How would you describe your level of autonomy in the practice?
Amongst one of the many reasons, I’m pleased to have been given the title of “Clinical Lead” in recognition of the extra responsibility I have taken on since joining High Green Dental Practice. I now handle any complaints we receive and have set myself the challenge of learning how to deal with these effectively and minimise any future complaints.
From an ethical perspective, it quickly became apparent how dedicated Dental Partners is to giving back. In supporting a number of dental charities, including Bridge2Aid and Dentaid, to help address global inequalities in oral health and treatment access, such charity involvement has enabled both myself and the wider practice team to actively fundraise in these communities.
Most recently, we have been encouraged to partake in the 1000 smiles fundraising appeal by Bridge2Aid and Dentaid as part of their ‘Together Dental’ campaign, which involves 1000 practices helping to each raise £100, thus enable greater access to dental care around the world.
Finally, what would you say to anyone who may be wary of working for a corporate?
I too had been extremely wary, almost to the point of looking for a new job. But in my opinion, the reality is that our association has been a fantastically positive move and the opposite to what I was expecting.
When the idea first came about I attended a presentation about Dental Partners’ unusual attitude to corporate dentistry. Neil Lloyd encouraged an open discussion and gave us his email address in case we had any further questions. His insistence on getting to know every practice and being approachable and accessible impressed me and I decided to give the new management a chance.
I have since found that they have exactly the right priorities, which puts excellent dental care first. The ethos is to create “pleasant, diverse and respectful workplaces with a social conscience” which means our practice is a great place to work. While I understand and appreciate not everyone will share my positive experiences, it’s important I share mine. Associates are an important part of the workforce, to the point where they are integral. For me, this is a model that could work.
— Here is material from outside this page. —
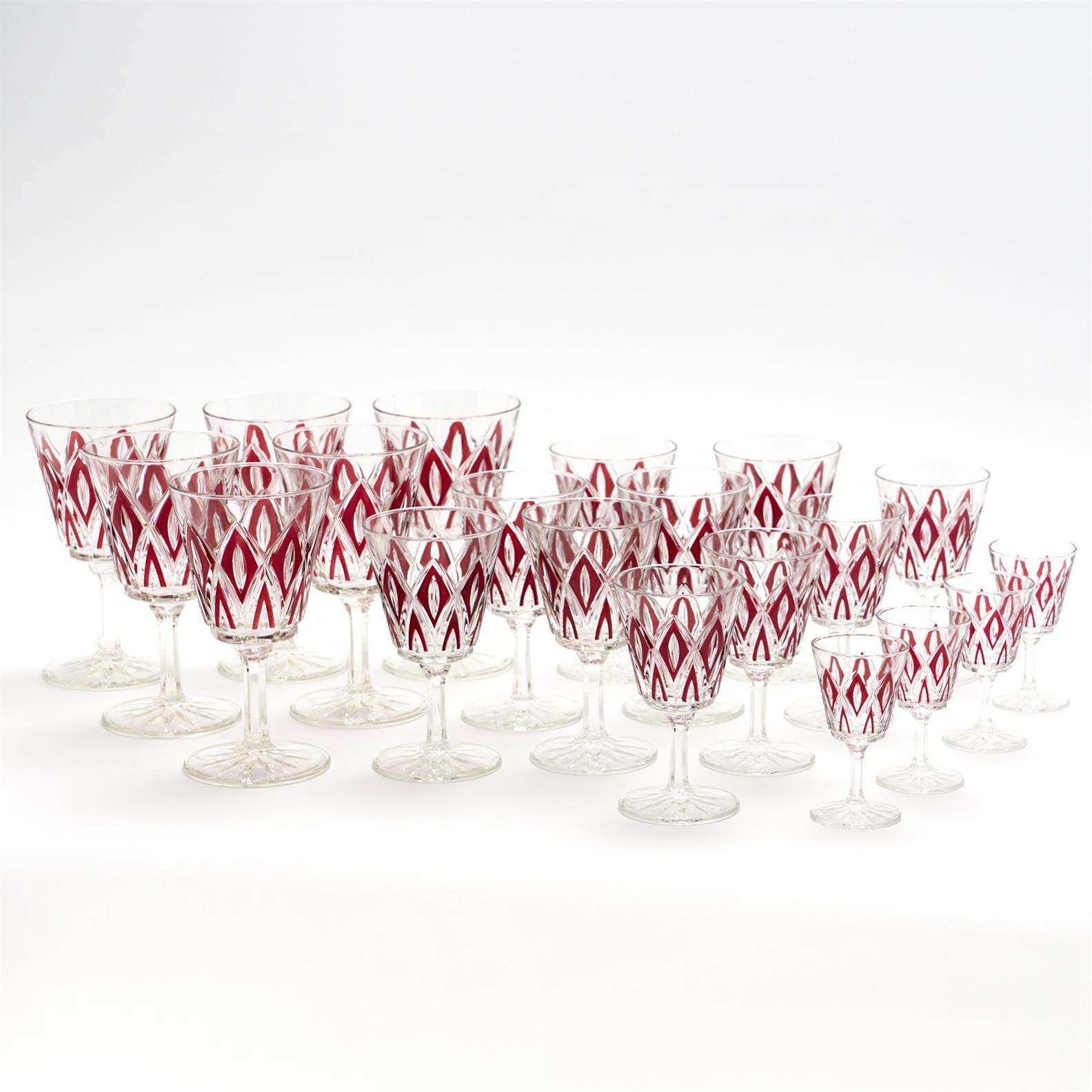 A SUITE OF POSSIBLY VMC REIMS CRYSTAL STEMWARE INCLUDING TWO SETS OF SIX WINES AND TWO SETS OF FOUR SHERRIES (A/F, SOME DAMAGED) H.15CM (TALLEST), LEONARD JOEL DELIVERY SIZE: LARGE

Finally, I think it’s important for other associates to understand just how surprisingly refreshing it has been to work within a practice recently taken over by a corporate. Our CEO, Neil Lloyd, hasn’t just been involved in the acquisition of the practice, he has made it his business to be proactive within the practice, encouraging charitable opportunities and developing staff skills, and that for me is one of the key differences between Dental Partners and the average corporate.
Gemma qualified from Sheffield in 2009. She has a particular passion for cosmetic and paediatric (children’s) dentistry and is an honorary clinical tutor for the outreach students in association for The University of Sheffield and a FD trainer.